The most important lesson I learned the first time around was that it was my son’s opinion that mattered most. When we looked at schools all over the country, my challenge to myself was not to interject my likes or dislikes about a school into my son’s process. This was more difficult than I thought at first, but became easier the more schools we visited.  You can help them ask questions and narrow down choices and even put in parameters in terms of cost or location, but in the end it is best if they own the decision.  Doing so will impact their enthusiasm and sense of confidence as they start this incredible phase of their lives.

The most surprising thing I learned was that it was far harder to leave my son at school than I thought it would be. Granted, he chose to attend a school in California; that didn’t help.  While I knew sending a piece of my heart out into the world would be emotional, the experience was far more difficult than I anticipated.  But my son was ready and he didn’t shed a tear. He put his arm around me and said, “Mom, it’s fine.” Inside I was screaming “this is anything, but fine!” I also found an added respect for my parents who 30 years ago left their oldest daughter a mere 4 hours away with her crying face pressed against the window pane as their car pulled away.  As I was driving away from the college campus, this time as a parent, I remembered that a friend had given me great advice for after the goodbye: Raise your right hand and say – I did the best that I could do and now I am done.
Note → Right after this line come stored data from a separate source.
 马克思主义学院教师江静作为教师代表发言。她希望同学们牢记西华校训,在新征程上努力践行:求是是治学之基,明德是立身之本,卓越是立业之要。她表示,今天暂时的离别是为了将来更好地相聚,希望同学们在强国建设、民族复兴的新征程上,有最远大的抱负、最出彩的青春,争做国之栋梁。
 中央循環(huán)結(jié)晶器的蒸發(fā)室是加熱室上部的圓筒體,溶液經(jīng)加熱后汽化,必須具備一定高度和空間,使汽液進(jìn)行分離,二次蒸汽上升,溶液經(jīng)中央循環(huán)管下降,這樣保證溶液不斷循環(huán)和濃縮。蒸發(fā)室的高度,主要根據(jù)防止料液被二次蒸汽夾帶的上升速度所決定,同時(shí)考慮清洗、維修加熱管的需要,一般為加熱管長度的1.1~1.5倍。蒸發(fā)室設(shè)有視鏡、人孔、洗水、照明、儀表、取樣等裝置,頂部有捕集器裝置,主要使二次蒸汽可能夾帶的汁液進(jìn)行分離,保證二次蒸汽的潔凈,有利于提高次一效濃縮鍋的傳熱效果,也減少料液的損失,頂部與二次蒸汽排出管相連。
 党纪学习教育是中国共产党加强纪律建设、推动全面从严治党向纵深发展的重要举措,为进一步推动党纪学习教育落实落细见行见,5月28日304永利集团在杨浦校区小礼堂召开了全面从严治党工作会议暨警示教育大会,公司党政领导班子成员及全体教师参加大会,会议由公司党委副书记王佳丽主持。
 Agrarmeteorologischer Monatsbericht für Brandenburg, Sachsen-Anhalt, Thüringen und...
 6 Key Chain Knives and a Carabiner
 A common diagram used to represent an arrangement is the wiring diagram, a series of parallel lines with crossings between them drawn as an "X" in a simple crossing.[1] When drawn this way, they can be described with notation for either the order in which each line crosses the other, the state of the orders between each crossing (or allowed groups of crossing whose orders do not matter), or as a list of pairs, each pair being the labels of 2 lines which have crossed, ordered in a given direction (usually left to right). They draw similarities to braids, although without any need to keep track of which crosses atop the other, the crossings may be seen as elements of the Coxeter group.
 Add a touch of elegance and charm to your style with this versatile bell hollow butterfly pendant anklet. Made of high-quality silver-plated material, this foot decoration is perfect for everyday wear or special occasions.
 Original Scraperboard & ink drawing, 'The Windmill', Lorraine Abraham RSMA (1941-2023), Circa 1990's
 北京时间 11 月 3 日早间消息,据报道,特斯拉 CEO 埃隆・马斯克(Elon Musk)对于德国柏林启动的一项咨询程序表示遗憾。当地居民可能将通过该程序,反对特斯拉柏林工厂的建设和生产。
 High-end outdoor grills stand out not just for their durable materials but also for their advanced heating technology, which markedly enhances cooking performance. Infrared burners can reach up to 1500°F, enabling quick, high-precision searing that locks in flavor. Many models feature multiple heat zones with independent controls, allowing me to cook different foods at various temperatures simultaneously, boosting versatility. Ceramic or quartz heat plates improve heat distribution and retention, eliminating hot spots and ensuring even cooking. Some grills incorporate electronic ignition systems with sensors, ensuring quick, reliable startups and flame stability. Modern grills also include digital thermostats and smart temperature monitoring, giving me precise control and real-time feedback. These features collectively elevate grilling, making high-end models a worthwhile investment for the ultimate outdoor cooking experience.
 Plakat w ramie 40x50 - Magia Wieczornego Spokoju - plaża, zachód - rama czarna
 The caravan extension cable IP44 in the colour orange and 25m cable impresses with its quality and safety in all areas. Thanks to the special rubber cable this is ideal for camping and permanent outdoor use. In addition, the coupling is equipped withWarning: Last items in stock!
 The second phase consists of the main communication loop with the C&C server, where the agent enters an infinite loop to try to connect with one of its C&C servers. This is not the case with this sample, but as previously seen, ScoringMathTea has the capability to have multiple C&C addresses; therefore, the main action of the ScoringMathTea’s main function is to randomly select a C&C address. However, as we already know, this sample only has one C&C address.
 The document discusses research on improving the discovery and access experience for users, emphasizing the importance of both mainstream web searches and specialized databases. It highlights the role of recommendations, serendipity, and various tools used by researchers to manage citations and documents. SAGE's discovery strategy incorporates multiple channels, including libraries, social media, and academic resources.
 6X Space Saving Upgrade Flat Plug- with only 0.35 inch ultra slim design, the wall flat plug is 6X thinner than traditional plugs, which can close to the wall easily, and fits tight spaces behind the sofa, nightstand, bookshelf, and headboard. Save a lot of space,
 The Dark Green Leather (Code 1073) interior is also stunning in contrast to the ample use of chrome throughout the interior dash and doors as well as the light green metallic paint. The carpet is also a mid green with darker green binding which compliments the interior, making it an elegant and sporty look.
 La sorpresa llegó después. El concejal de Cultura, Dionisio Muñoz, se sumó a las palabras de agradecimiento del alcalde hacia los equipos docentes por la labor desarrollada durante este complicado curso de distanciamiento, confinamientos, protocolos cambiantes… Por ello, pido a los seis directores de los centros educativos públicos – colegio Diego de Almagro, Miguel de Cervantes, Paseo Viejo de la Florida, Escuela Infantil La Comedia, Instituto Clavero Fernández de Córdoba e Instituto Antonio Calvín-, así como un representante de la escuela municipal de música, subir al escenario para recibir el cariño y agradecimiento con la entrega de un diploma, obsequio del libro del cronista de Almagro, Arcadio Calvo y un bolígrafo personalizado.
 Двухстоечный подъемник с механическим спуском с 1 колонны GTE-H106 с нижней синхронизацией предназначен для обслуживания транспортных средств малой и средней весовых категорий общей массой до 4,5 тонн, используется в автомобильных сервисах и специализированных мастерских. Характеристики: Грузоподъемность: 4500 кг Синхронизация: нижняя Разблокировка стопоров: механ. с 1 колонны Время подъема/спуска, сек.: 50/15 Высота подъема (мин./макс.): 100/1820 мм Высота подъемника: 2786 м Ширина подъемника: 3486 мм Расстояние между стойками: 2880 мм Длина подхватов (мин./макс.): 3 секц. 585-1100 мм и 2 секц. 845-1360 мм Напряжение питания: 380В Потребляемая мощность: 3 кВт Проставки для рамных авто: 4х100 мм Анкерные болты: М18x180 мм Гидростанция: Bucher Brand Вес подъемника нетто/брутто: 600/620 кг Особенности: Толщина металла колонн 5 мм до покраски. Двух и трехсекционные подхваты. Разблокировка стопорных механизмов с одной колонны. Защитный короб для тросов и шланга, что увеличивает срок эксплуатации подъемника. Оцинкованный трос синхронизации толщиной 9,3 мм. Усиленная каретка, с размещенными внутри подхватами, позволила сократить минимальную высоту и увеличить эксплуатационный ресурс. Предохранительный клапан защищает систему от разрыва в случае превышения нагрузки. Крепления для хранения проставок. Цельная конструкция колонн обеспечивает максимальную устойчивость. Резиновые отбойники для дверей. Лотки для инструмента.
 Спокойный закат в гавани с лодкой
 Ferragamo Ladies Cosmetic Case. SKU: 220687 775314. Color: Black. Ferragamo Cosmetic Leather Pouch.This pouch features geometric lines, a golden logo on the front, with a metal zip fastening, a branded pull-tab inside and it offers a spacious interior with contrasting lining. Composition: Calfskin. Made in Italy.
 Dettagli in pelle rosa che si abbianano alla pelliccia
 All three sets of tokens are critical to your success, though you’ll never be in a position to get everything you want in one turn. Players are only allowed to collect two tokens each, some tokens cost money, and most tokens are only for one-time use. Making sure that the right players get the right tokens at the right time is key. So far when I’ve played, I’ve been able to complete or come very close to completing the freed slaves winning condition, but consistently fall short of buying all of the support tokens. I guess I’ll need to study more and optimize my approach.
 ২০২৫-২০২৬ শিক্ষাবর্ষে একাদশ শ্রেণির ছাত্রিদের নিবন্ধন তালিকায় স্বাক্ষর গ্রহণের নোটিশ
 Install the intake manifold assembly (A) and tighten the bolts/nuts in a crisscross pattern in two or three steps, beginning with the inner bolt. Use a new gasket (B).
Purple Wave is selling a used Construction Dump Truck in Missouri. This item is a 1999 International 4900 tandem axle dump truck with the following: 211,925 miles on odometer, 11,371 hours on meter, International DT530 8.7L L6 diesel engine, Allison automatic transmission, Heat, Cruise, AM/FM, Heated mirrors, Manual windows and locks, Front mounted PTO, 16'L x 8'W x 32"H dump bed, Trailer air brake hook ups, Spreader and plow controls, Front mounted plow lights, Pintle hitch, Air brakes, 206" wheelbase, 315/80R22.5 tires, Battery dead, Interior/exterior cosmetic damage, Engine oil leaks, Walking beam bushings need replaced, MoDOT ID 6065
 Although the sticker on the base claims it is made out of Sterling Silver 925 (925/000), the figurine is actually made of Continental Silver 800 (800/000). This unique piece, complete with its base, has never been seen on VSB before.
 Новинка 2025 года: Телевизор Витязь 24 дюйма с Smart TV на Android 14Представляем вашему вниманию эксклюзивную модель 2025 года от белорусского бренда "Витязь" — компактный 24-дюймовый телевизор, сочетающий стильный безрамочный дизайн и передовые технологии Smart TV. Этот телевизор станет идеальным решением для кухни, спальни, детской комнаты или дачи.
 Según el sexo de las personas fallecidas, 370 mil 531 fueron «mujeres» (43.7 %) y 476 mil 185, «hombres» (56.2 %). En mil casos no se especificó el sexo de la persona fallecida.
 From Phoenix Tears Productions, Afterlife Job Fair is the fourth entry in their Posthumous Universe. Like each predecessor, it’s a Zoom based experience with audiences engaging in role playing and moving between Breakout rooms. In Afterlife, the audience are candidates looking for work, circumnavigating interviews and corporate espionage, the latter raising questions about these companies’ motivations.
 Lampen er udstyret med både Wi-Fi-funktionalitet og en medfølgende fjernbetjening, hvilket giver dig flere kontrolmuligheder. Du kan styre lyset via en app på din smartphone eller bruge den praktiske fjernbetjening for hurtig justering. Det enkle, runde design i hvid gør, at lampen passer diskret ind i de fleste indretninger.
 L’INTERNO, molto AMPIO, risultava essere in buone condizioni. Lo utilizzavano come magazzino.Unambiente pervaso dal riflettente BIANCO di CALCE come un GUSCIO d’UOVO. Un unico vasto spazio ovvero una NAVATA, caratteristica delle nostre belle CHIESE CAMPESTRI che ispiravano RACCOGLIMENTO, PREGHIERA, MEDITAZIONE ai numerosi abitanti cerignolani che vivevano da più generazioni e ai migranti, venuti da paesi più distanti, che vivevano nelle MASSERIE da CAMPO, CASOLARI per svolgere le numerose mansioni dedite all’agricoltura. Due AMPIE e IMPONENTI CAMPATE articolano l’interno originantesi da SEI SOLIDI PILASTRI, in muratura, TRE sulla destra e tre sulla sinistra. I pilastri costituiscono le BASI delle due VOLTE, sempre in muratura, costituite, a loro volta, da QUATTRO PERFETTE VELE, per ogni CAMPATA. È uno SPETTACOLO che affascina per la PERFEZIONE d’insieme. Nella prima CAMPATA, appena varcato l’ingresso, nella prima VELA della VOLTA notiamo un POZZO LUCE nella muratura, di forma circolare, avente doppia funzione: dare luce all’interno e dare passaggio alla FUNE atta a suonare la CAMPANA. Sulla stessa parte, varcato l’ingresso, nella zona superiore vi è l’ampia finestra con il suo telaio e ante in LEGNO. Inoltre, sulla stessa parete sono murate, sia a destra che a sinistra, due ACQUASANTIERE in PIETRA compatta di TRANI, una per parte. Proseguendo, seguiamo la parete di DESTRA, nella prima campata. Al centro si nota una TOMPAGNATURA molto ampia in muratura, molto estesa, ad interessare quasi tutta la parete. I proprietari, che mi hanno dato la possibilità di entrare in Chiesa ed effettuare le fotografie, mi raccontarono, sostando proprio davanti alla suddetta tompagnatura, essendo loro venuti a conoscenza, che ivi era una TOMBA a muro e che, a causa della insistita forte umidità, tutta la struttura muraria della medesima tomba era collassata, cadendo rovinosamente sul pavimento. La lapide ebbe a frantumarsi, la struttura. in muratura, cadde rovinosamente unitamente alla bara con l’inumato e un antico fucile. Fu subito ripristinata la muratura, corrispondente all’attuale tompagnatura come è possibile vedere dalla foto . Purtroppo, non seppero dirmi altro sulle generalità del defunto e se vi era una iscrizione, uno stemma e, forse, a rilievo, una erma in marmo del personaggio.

I did just that and, with the help of a nice glass of wine, I got through the transition.  And now I get to do it again.  I hope that my lessons learned will make it go a little easier this time but I also know I will be leaving my second son with the same lump in my throat and will be raising my right hand one more time.

Sue Moretti Rogers is the Director of Marketing for Greenwich Education Group and the Momager of two teenage boys.